题目:
Lunar New Year is approaching, and Bob decides to take a wander in a nearby park.
The park can be represented as a connected graph with n nodes and m bidirectional edges. Initially Bob is at the node 1 and he records 1 on his notebook. He can wander from one node to another through those bidirectional edges. Whenever he visits a node not recorded on his notebook, he records it. After he visits all nodes at least once, he stops wandering, thus finally a permutation of nodes a1,a2,…,an is recorded.
Wandering is a boring thing, but solving problems is fascinating.
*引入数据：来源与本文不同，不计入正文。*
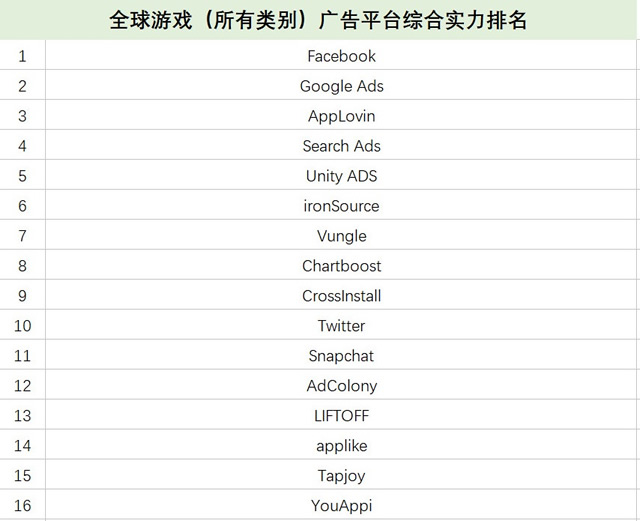 AppsFlyer 2018 上半年《广告平台综合表现报告》调查样本 1、游戏渠道总量减少,头部平台优势地位牢固 对比此前的游戏类型的广告平台榜单,我们发现,此次榜单中游戏广告平台的数量大约减少了 20%。与此相对的是,游戏广告主更积极地同时使用更多的媒体渠道,也更清楚应在哪些渠道投入其预算。 在游戏类别中,广告平台之间的排名差异更小,Facebook、Google、AppLovin 和苹果搜索广告在三种游戏类型的全球排名中均占据前四位。
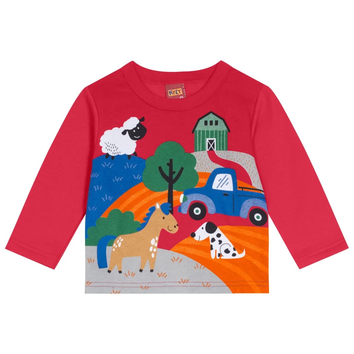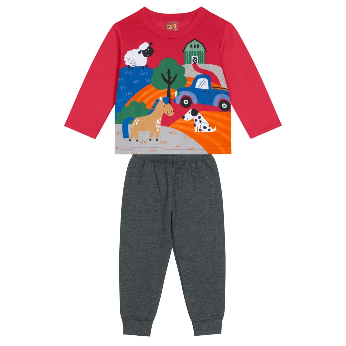 Chándal de dos piezas de niño en color rojo con dibujos estampados, con pantalón en gris oscuro.
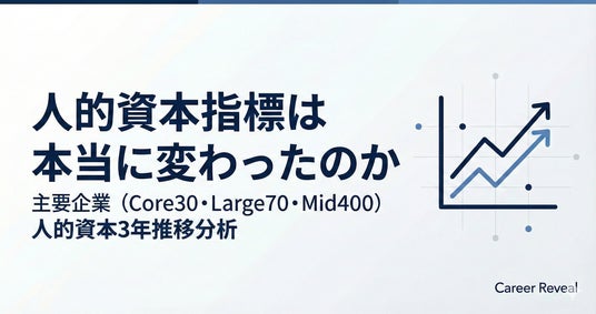 株式会社エフペリ(本社:東京都、代表:早見信吾)が運営する人的資本データ分析プラットフォーム「Career Reveal(キャリア・リビール)」は、東京証券取引所が定める株価指数の構成企業群である「Core30」「Large70」「Mid400」(※2025年10月改定前の企業群を採用)を中心とした主要企業について、有価証券報告書等の公開情報をもとに、人的資本指標の3年推移(2023~2025)を横断的に集計・分析しました。
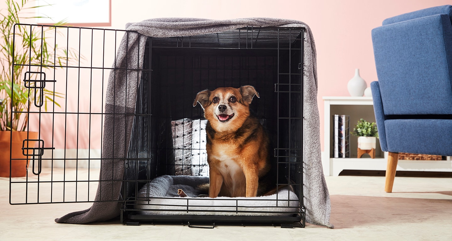 - A dog crate, like the Frisco single door dog crate
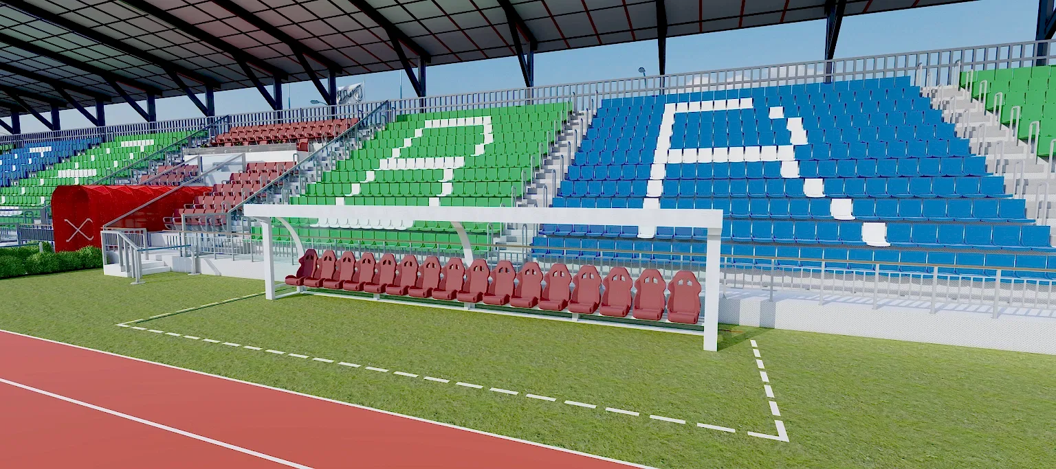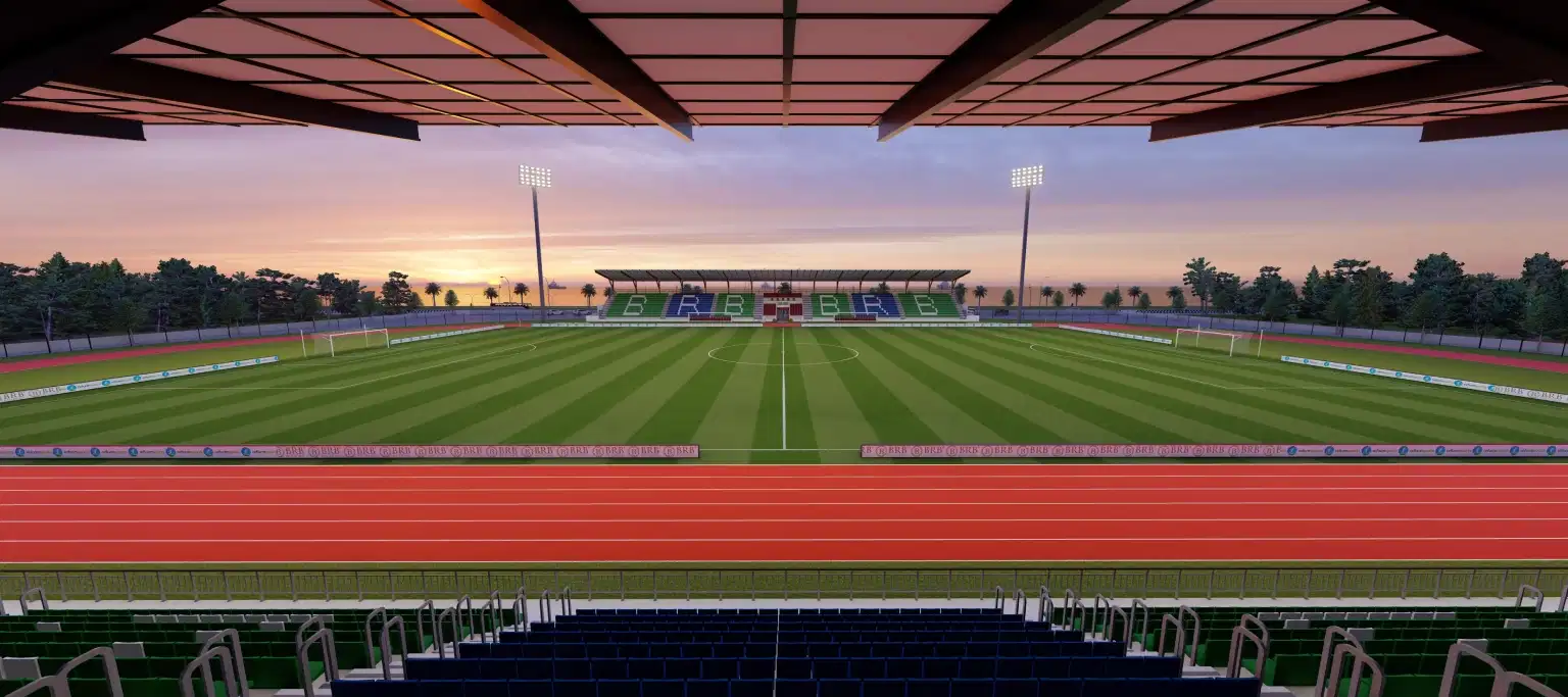 FIFA standartlarına uygun olarak tasarlanan 1.000 kişilik atletizm pistli stadyum projemiz, uzun ömürlü, yüksek performanslı yeni nesil sentetik çim, kapalı tribünler, geniş otopark alanı ve isteğe bağlı antrenman sahası ile modern spor tesislerimizden biri olarak öne çıkmaktadır.
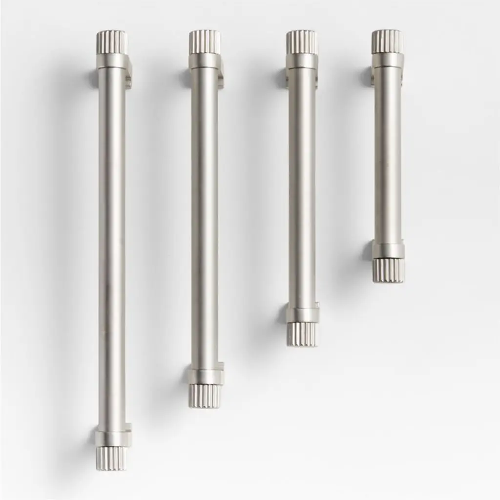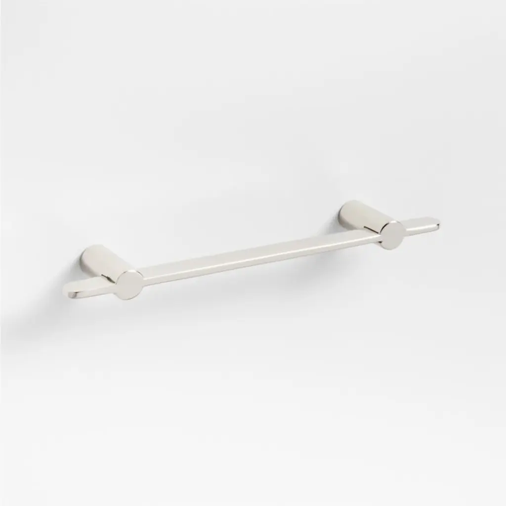 Sometimes it's the small things that pull a room together. That's why we've designed a hardware collection with modern silhouettes, clean lines and a touch of tradition to give your kitchen or bath that perfect finishing touch. Made of brass finished in brushed nickel, the drawer pull lends industrial chic to its minimalist design. Fluted ends bring texture to the round pull that's held in place by L-shaped anchors softened with rounded edges. The three-inch drawer pull easily fastens to drawers and doors with included hardware.
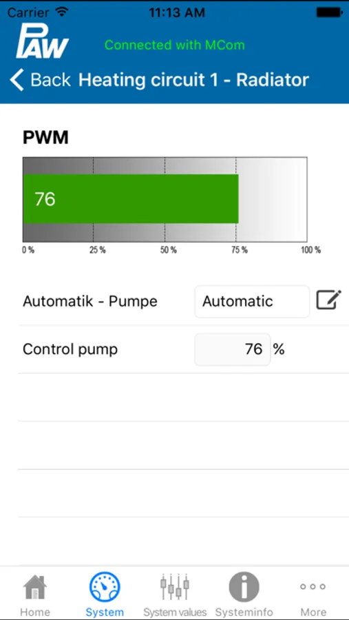PAW HeatBloC® app for the configuration, controlling and monitoring of the PAW HeatBloC® MC system.
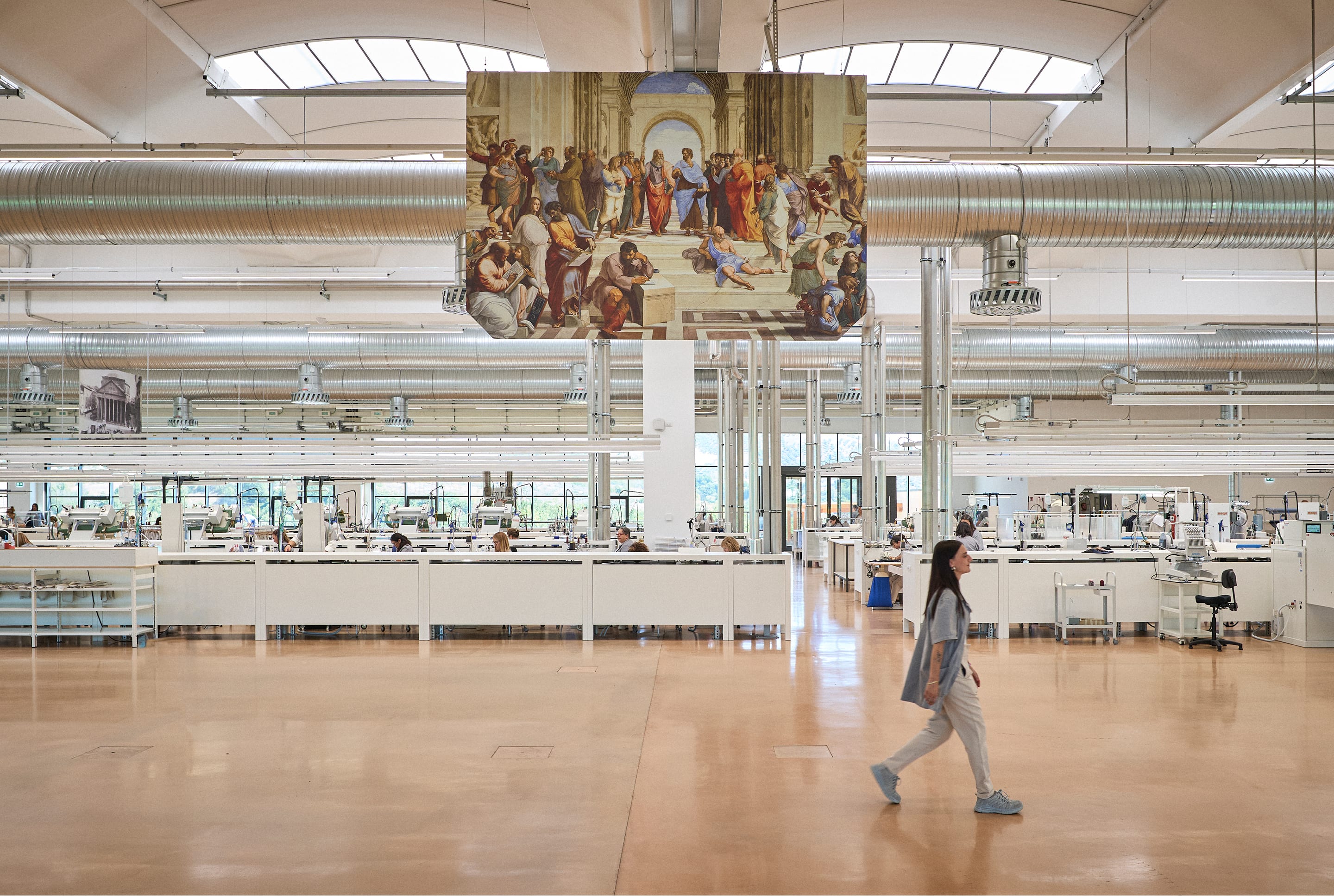 我们的“美好工坊”理念诞生于索罗梅奥小镇,它以追求和谐、美好且舒适的建筑愿景为根基,自工业园区项目起步,如今,随着位于小镇入口处的第二生产基地建成,后续这一理念将逐步推广至所有生产基地,涵盖坐落于托斯卡纳的卡拉拉裁缝工作室、位于阿布鲁佐的彭内裁缝工作室,以及地处翁布里亚的手工针织工坊。

Bob wants to know the lexicographically smallest sequence of nodes he can record while wandering. Bob thinks this problem is trivial, and he wants you to solve it.
A sequence x is lexicographically smaller than a sequence y if and only if one of the following holds:
x is a prefix of y, but x≠y (this is impossible in this problem as all considered sequences have the same length);
in the first position where x and y differ, the sequence x has a smaller element than the corresponding element in y.
Input
The first line contains two positive integers n and m (1≤n,m≤105), denoting the number of nodes and edges, respectively.
The following m lines describe the bidirectional edges in the graph. The i-th of these lines contains two integers ui and vi (1≤ui,vi≤n), representing the nodes the i-th edge connects.
Note that the graph can have multiple edges connecting the same two nodes and self-loops. It is guaranteed that the graph is connected.
Output
Output a line containing the lexicographically smallest sequence a1,a2,…,an Bob can record.
题意:
给你一个n个顶点,m条边的无向图连通图,你现在在1这个点,请你遍历这张图,每个点必须经过( 同一个点可以经过多次),请你找出字典序最小的遍历方法。
思路:
图上的dfs吧,看了一篇学长的博客,收到了启发,用vector数组来存储邻接表,然后又用了一个set有序地存储了当前这个点所连通的其他点。
#include<bits/stdc++.h>
using namespace std;
const int maxn = 3e5 + 15;
vector<int>v[maxn];
set<int>st;
int vis[maxn];
int n, m;
void dfs(int a, int cnt){
vis[a] = 1;
cnt++;
cout << a << " ";
st.erase(a);
if(cnt == n)
return;
for(int i = 0; i < v[a].size(); i++){
if(vis[v[a][i]] == 0)
st.insert(v[a][i]);
}
dfs(*st.begin(), cnt);
}
int main()
{
cin >> n >> m;
for(int i = 0; i < m; i++){
int x, y;
cin >> x >> y;
v[x].push_back(y);
v[y].push_back(x);
}
st.insert(1);
dfs(1, 0);
return 0;
}